To simplify the concept of data drift, the main example used throughout the article will be that of a credit scoring model (Model A) for loan applicants. In this example, this model predicts whether the applicant is more likely to pay off the loan on time or not. The primary features that affect the final decision (acceptance/rejection) are age, salary, job title, applicant’s region, application date, and number of dependents. This model is originally designed for a financial provider to assess loan applicants who recently graduated college in Cairo. Applicants apply for a loan via the financial provider’s regularly updated app. The financial provider won’t be able to validate this prediction until the loan lifetime ends, or until they’ve monitored the applicant’s payment behaviour over a period of time.
What causes a data drift?
There is always a time gap between the collection of training data and the collection of serving data; thus, feature composition may change overtime. For instance, in Model A’s case, the model was originally trained with an age group that ranged between 22 and 25. However, the financial provider launched a new marketing campaign that targeted an older age group, resulting in the age distribution shifting. Besides the introduction of external factors and seasonal changes, data quality is also another culprit when it comes to data drift. Let's consider an instance where a new update or a faulty data engineering pipeline changes the format of the application date, switching the day and month. Without proper validation in place, the model will receive month values ranging from 1 - 31 as opposed to 1 - 12.
Cost of data drifts
Ideally, we can monitor model performance by measuring the error rate of the model predictions compared to the ground truth. However, ground truths for new predictions are not always available, and need time to be obtained.
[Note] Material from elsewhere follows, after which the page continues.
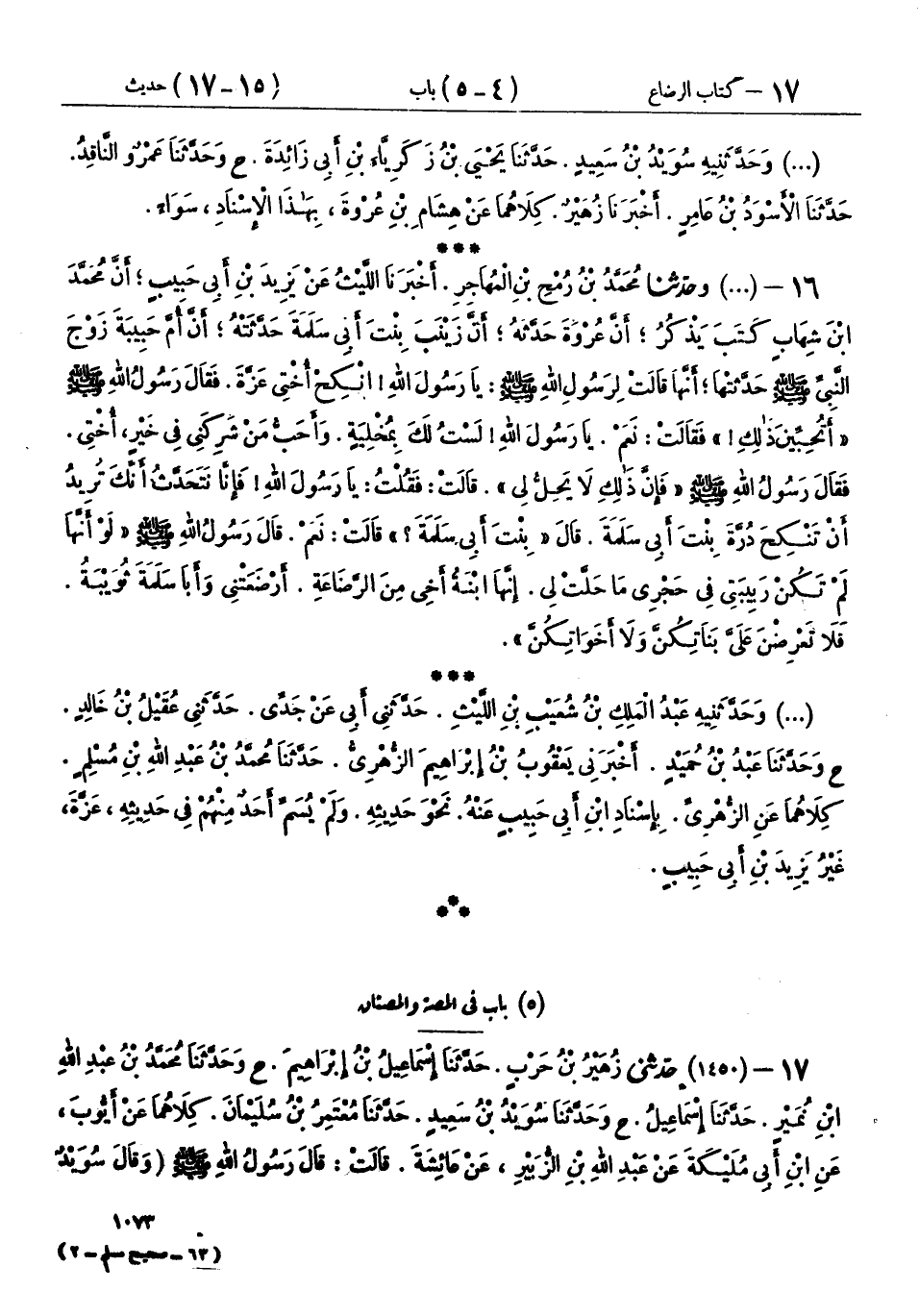 16 - (1449) وحَدَّثَنَا مُحَمَّدُ بْنُ رُمْحِ بْنِ الْمُهَاجِرِ، أَخْبَرَنَا اللَّيْثُ، عَنْ يَزِيدَ بْنِ أَبِي حَبِيبٍ، أَنَّ مُحَمَّدَ بْنَ شِهَابٍ، كَتَبَ يَذْكُرُ، أَنَّ عُرْوَةَ، حَدَّثَهُ، أَنَّ زَيْنَبَ بِنْتَ أَبِي سَلَمَةَ، حَدَّثَتْهُ، أَنَّ أُمَّ حَبِيبَةَ زَوْجَ النَّبِيِّ صَلَّى اللهُ عَلَيْهِ وَسَلَّمَ حَدَّثَتْهَا، أَنَّهَا قَالَتْ لِرَسُولِ اللهِ صَلَّى اللهُ عَلَيْهِ وَسَلَّمَ: يَا رَسُولَ اللهِ، انْكِحْ أُخْتِي عَزَّةَ، فَقَالَ رَسُولُ اللهِ صَلَّى اللهُ عَلَيْهِ وَسَلَّمَ: «أَتُحِبِّينَ ذَلِكِ؟» فَقَالَتْ: نَعَمْ، يَا رَسُولَ اللهِ، لَسْتُ لَكَ بِمُخْلِيَةٍ، وَأَحَبُّ مَنْ شَرِكَنِي فِي خَيْرٍ أُخْتِي، فَقَالَ رَسُولُ اللهِ صَلَّى اللهُ عَلَيْهِ وَسَلَّمَ: «فَإِنَّ ذَلِكِ لَا يَحِلُّ لِي»، قَالَتْ: فَقُلْتُ: يَا رَسُولَ اللهِ، فَإِنَّا نَتَحَدَّثُ أَنَّكَ تُرِيدُ أَنْ تَنْكِحَ دُرَّةَ بِنْتَ أَبِي سَلَمَةَ، قَالَ: «بِنْتَ أَبِي سَلَمَةَ؟» قَالَتْ: نَعَمْ، قَالَ: رَسُولُ اللهِ صَلَّى اللهُ عَلَيْهِ وَسَلَّمَ: «لَوْ أَنَّهَا لَمْ تَكُنْ رَبِيبَتِي فِي حِجْرِي مَا حَلَّتْ لِي، إِنَّهَا ابْنَةُ أَخِي مِنَ الرَّضَاعَةِ، أَرْضَعَتْنِي وَأَبَا سَلَمَةَ ثُوَيْبَةُ §فَلَا تَعْرِضْنَ عَلَيَّ بَنَاتِكُنَّ وَلَا أَخَوَاتِكُنَّ»،

Data drift should be detected as early as possible; otherwise, business decisions driven by model predictions may cause an undesirable impact. Due to data drift, a trustworthy applicant might be rejected based on an outdated model score, or higher customer churn rate might occur after constantly recommending wrong products to customers. In the case of Model A, monitoring the data showed that an influx of customers from outside Cairo started applying for loans. This change in region distribution may require a new model specially targeted for this segment of customers. This sudden data drift should be addressed quickly before the new applicants lose interest. If data drift is regularly monitored, the domain expert or the data scientist can recognize any alarming changes in the data distribution without waiting for the ground truth of the prediction to be provided.
How do we calculate data drifts?
We begin by automating the process that identifies data drift. The distribution of the serving data, i.e., data received by the model in production, should be regularly compared to the training data distribution as a baseline.
Data drifts can be detected using model-based methods, sequential analysis methods, and time distribution-based methods. Below are some of these techniques:
Sequential analysis methods like Drift Detection Method (DDM) detect a notable increase in the error rate of the learning algorithm within a period of time. The change in the distribution of classes indicates that the current model needs to be updated.
Building a machine learning model to detect drift and schedule it to run periodically to detect any change in the data distribution.
Probability Stability Index (PSI) compares the distribution of a prediction probability between the serving data set to the training data set.
Kullback–Leibler (KL) computes a score that measures the divergence of one probability distribution from another. This can be applied on the training data set distribution and the serving data distribution. If the KL divergence goes above a certain threshold, your data may be at risk of drift.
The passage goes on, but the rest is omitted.